Desta vez, daremos uma olhada mais de perto no The Graph, que essencialmente se tornou parte da pilha padrão para o desenvolvimento de aplicativos descentralizados (dapps) no último ano. Vamos primeiro ver como faríamos as coisas da maneira tradicional...

Sem o The Graph...

Então, vamos usar um exemplo simples para fins de ilustração. Todos nós gostamos de jogos, então imagine um jogo simples com usuários fazendo apostas:

Agora digamos que em nosso dapp, queremos exibir o total de apostas, o total de jogos perdidos/ganhos e também atualizá-lo sempre que alguém jogar novamente. A abordagem seria:

  1. Buscar totalGamesPlayerWon.
  2. Buscar totalGamesPlayerLost.
  3. Inscrever-se nos eventos BetPlaced.

Podemos ouvir o evento na Web3 (opens in a new tab) conforme mostrado à direita, mas isso requer lidar com vários casos.
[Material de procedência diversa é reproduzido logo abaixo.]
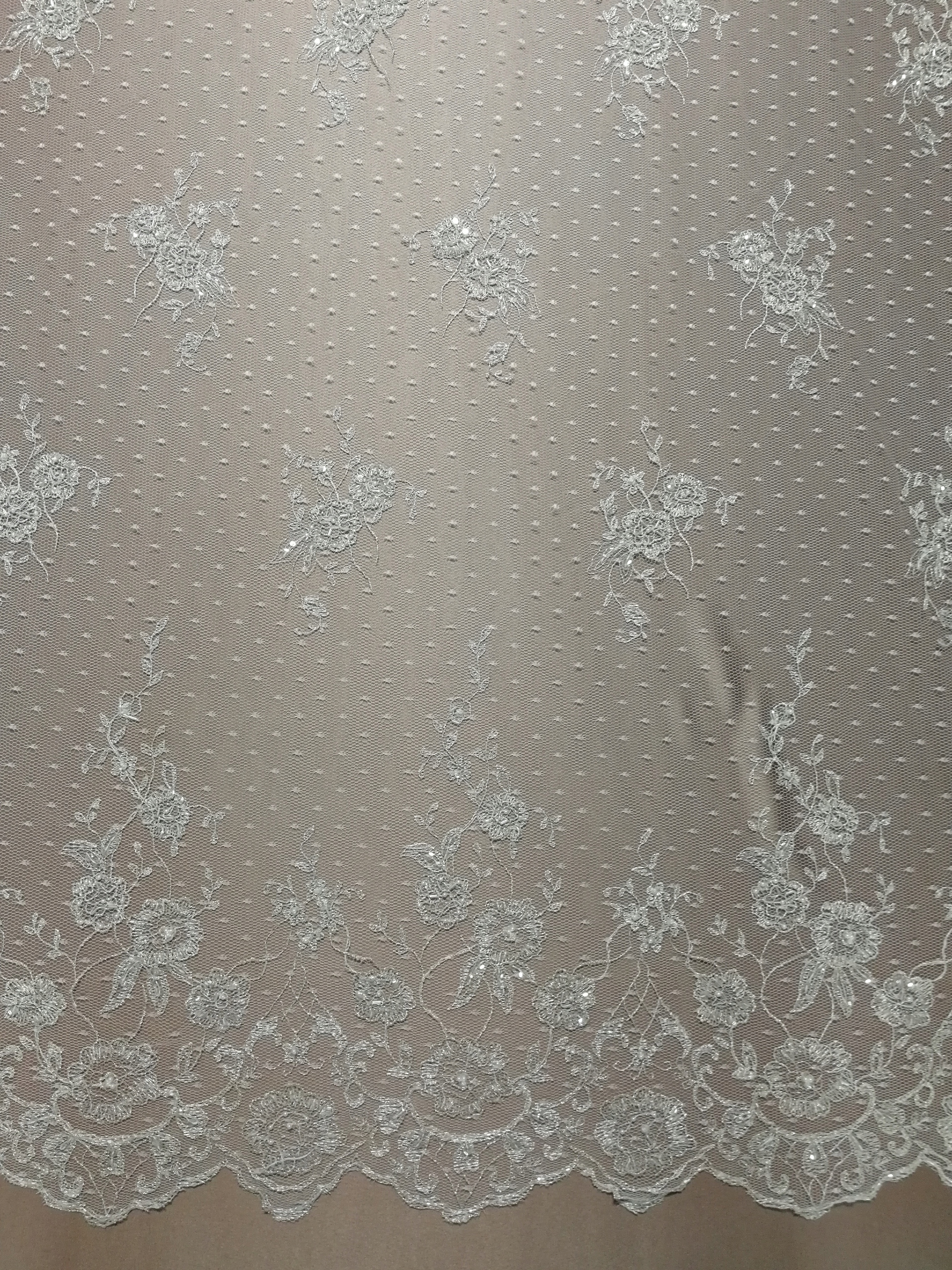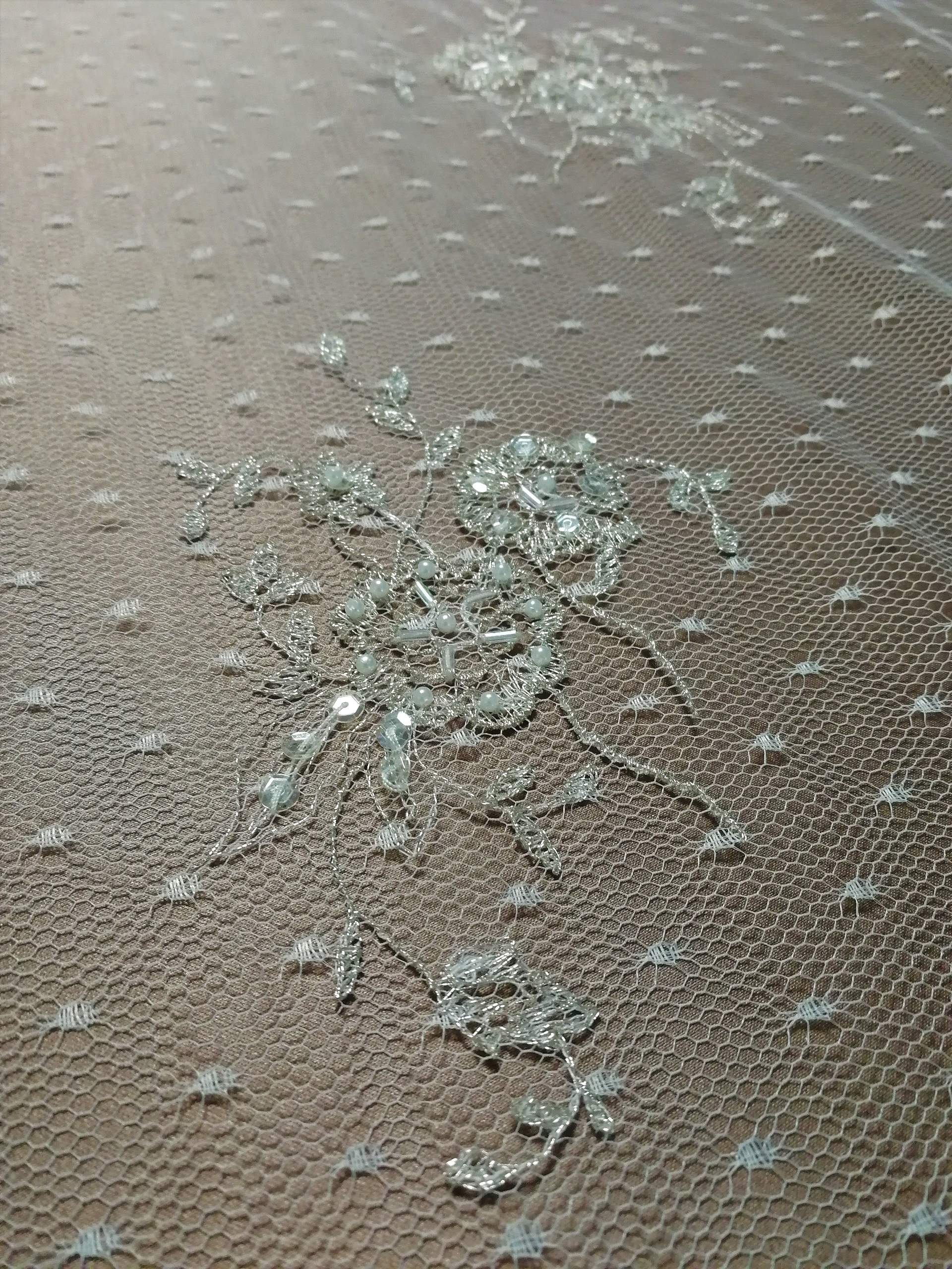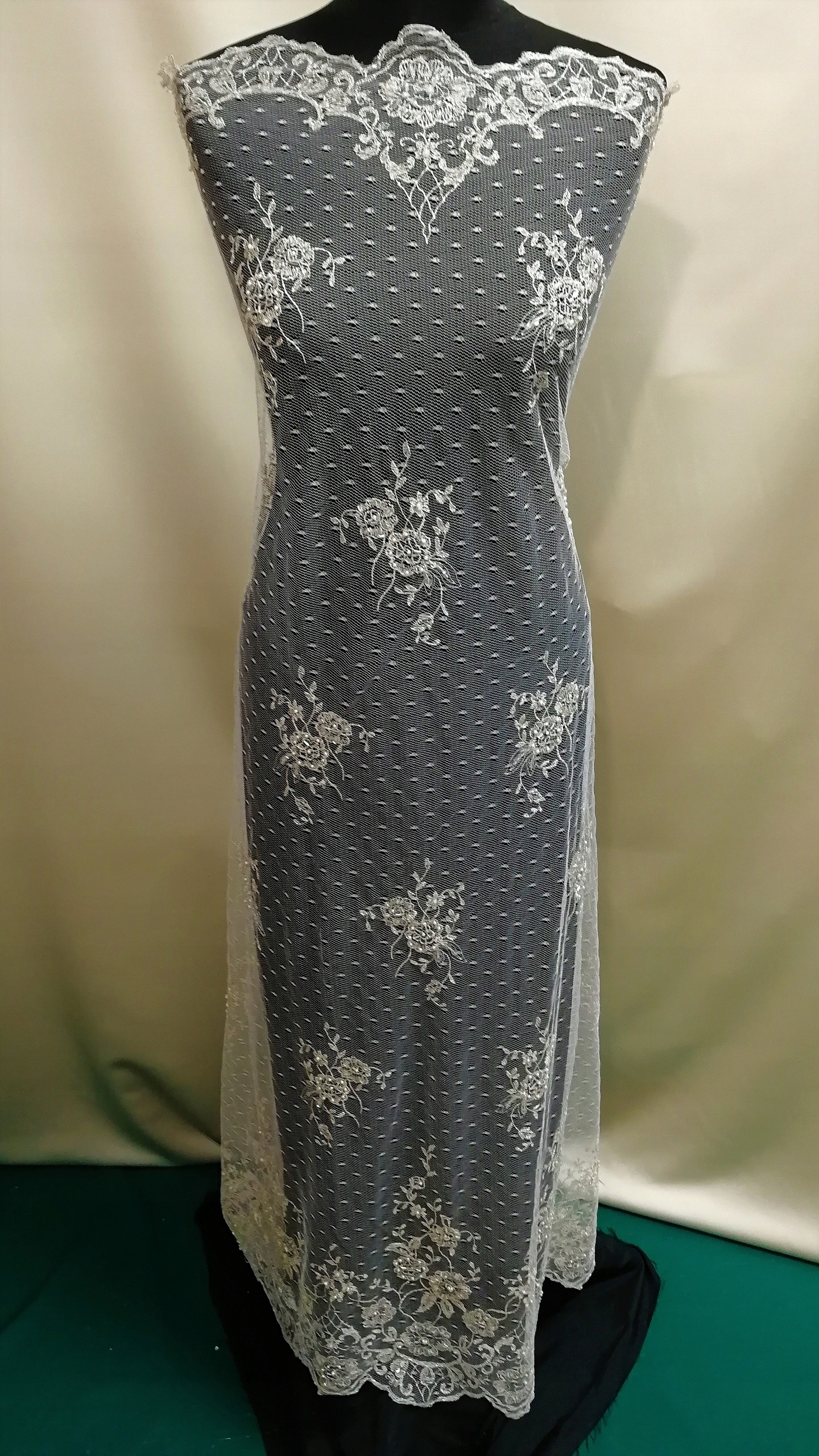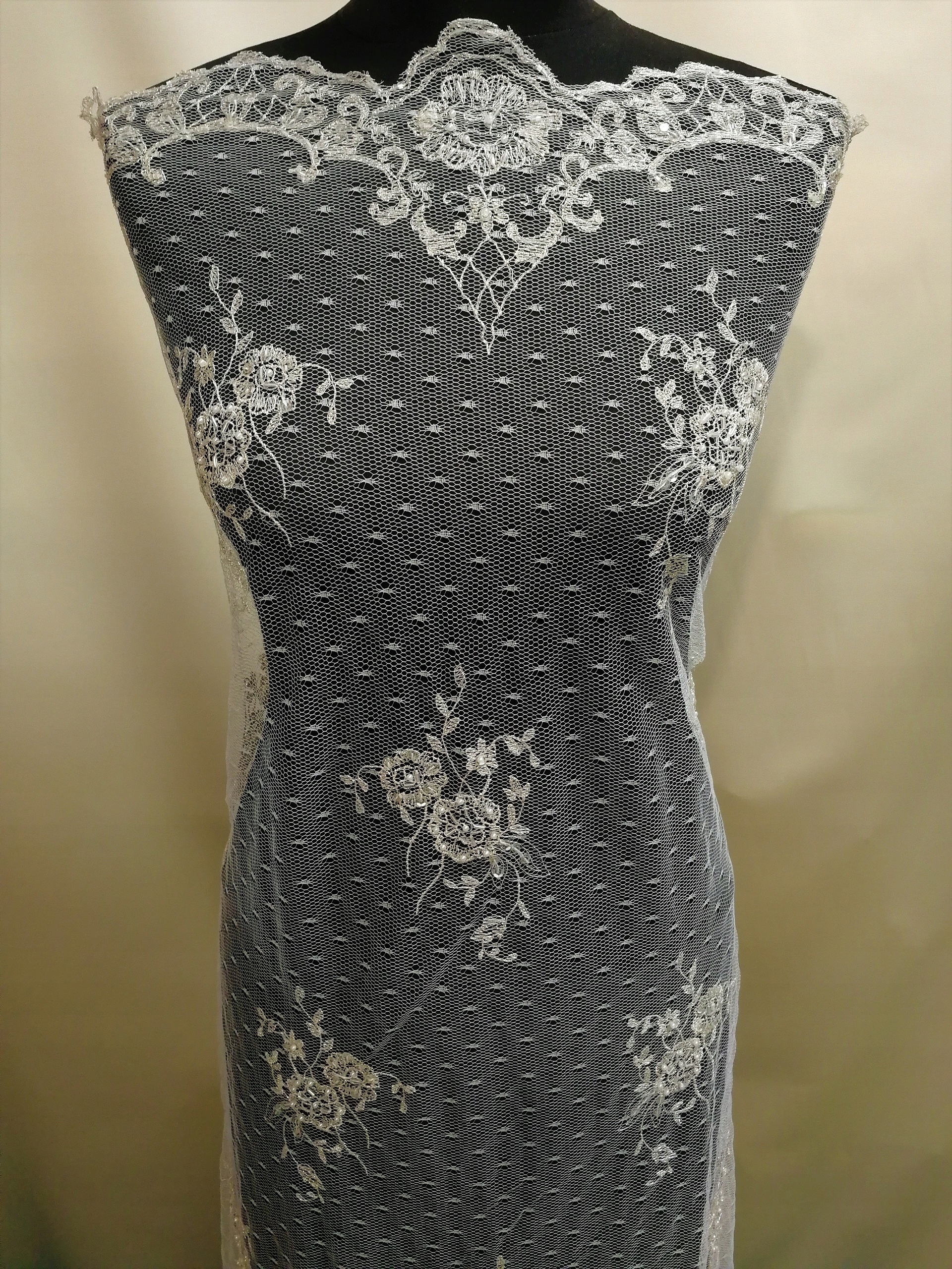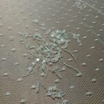 Haft na tiulu w kwiatowy wzór HT 1067P biały + platyna

Agora, isso ainda é aceitável para o nosso exemplo simples. Mas digamos que agora queremos exibir os valores das apostas perdidas/ganhas apenas para o jogador atual. Bem, estamos sem sorte, é melhor você implantar um novo contrato que armazene esses valores e buscá-los. E agora imagine um contrato inteligente e um dapp muito mais complicados, as coisas podem ficar confusas rapidamente.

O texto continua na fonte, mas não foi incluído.